What to produce: Retype word for word the stretch of entries below from the line that has "我们在开发阶段开发出 Agent 之后,通过" through the line that has "Harry Potter Happy", and omit the pictures.

Material provided:

================

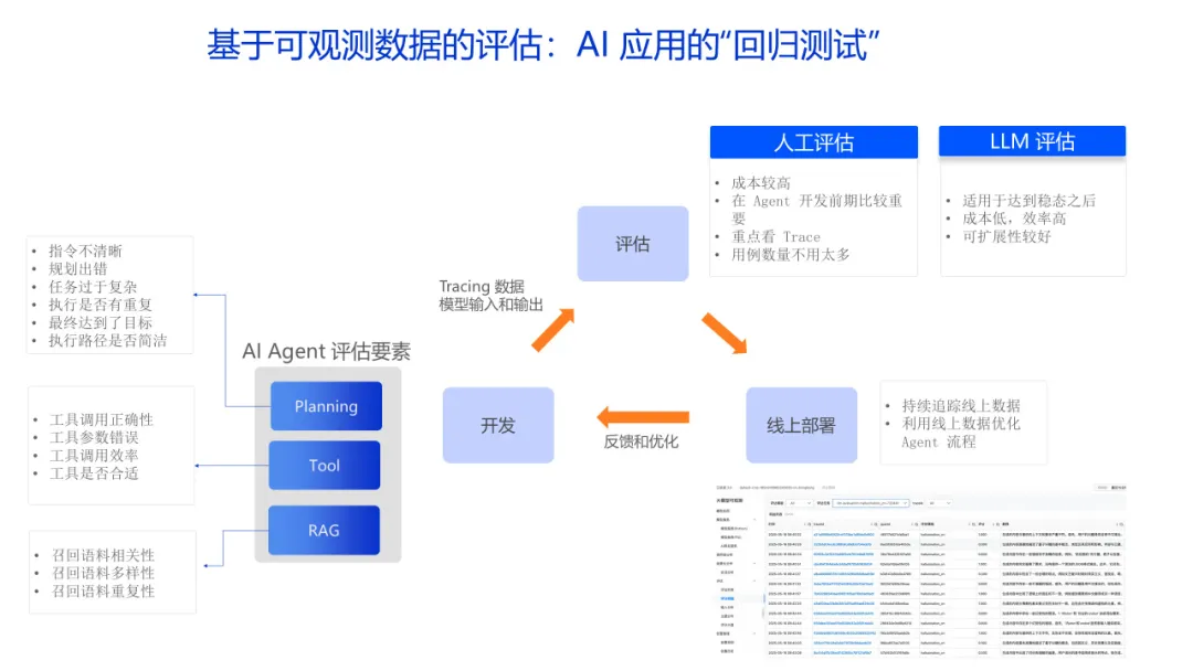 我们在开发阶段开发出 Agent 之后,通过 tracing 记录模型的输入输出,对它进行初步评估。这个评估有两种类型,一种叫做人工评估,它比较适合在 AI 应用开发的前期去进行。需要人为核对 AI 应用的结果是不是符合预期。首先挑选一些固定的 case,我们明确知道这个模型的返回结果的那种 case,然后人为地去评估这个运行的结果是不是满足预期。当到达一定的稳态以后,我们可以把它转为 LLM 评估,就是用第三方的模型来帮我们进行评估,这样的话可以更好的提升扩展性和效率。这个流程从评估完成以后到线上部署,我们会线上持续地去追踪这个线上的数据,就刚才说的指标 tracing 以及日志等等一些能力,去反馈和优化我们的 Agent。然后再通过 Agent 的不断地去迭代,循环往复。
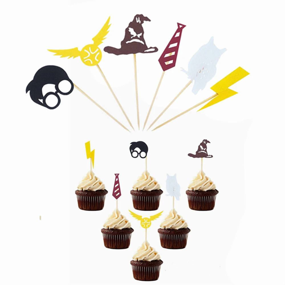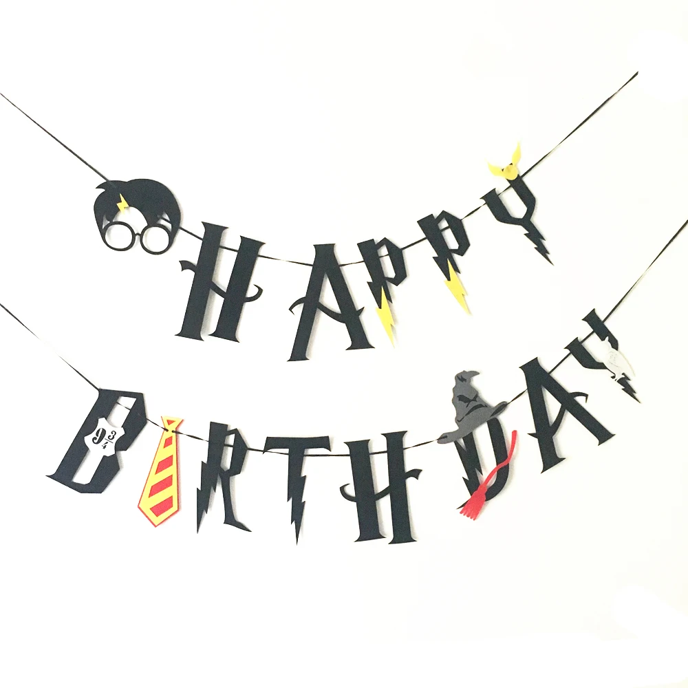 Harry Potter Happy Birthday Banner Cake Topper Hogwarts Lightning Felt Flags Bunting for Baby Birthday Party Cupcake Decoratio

================

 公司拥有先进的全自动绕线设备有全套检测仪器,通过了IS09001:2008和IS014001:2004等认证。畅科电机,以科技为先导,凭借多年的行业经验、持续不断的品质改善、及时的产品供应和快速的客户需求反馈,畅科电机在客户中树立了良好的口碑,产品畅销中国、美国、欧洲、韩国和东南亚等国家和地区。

================

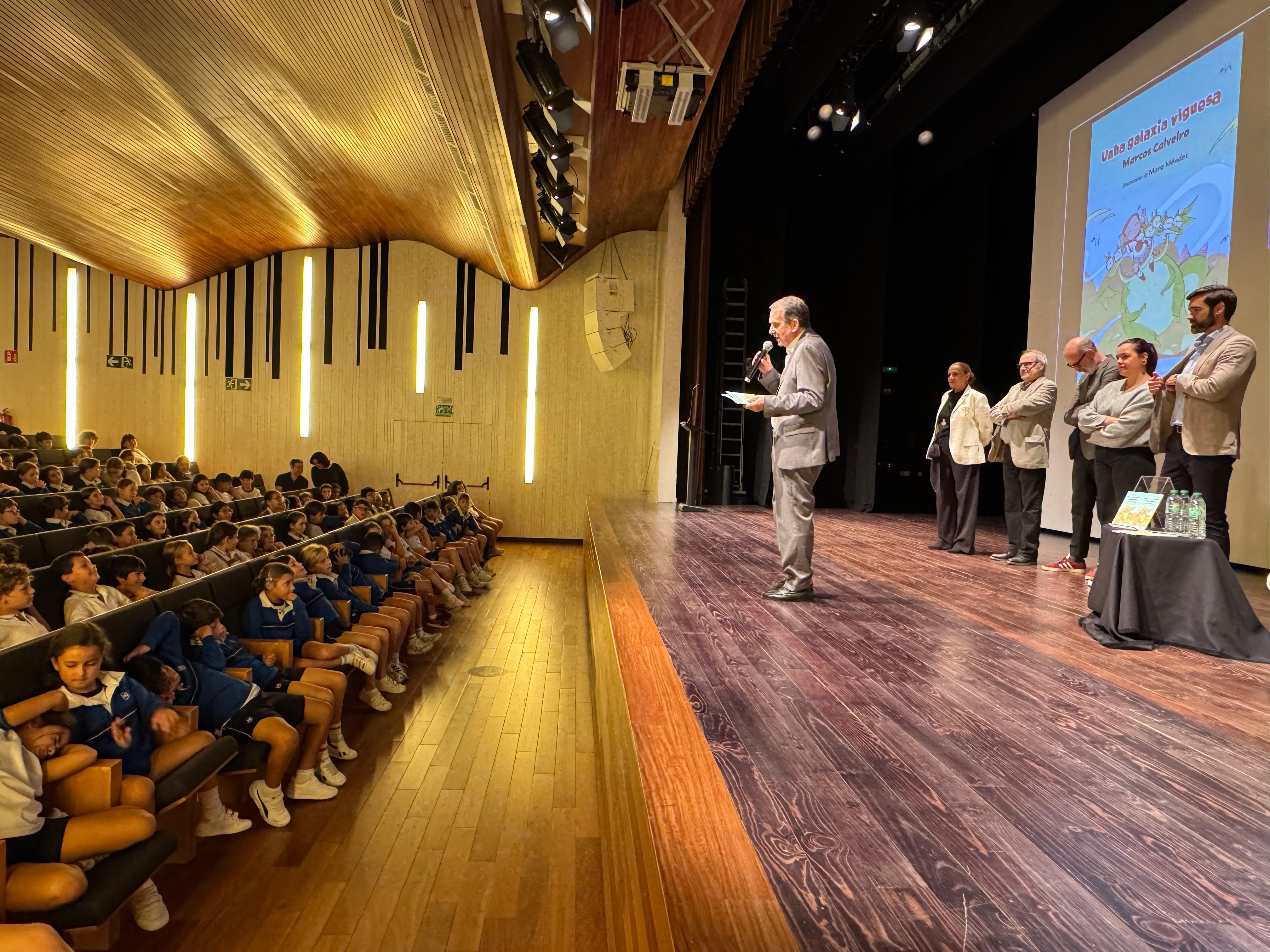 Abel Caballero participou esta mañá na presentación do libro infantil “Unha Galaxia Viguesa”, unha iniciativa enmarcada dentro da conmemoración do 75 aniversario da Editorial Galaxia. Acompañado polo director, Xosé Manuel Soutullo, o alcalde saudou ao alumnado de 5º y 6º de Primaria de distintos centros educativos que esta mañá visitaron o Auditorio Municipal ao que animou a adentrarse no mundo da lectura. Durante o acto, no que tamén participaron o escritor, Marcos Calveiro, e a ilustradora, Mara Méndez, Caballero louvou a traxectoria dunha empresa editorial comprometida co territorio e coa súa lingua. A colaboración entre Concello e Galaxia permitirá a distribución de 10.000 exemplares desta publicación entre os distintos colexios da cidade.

================

Solution for this exercise:
 我们在开发阶段开发出 Agent 之后,通过 tracing 记录模型的输入输出,对它进行初步评估。这个评估有两种类型,一种叫做人工评估,它比较适合在 AI 应用开发的前期去进行。需要人为核对 AI 应用的结果是不是符合预期。首先挑选一些固定的 case,我们明确知道这个模型的返回结果的那种 case,然后人为地去评估这个运行的结果是不是满足预期。当到达一定的稳态以后,我们可以把它转为 LLM 评估,就是用第三方的模型来帮我们进行评估,这样的话可以更好的提升扩展性和效率。这个流程从评估完成以后到线上部署,我们会线上持续地去追踪这个线上的数据,就刚才说的指标 tracing 以及日志等等一些能力,去反馈和优化我们的 Agent。然后再通过 Agent 的不断地去迭代,循环往复。
 Harry Potter Happy Birthday Banner Cake Topper Hogwarts Lightning Felt Flags Bunting for Baby Birthday Party Cupcake Decoratio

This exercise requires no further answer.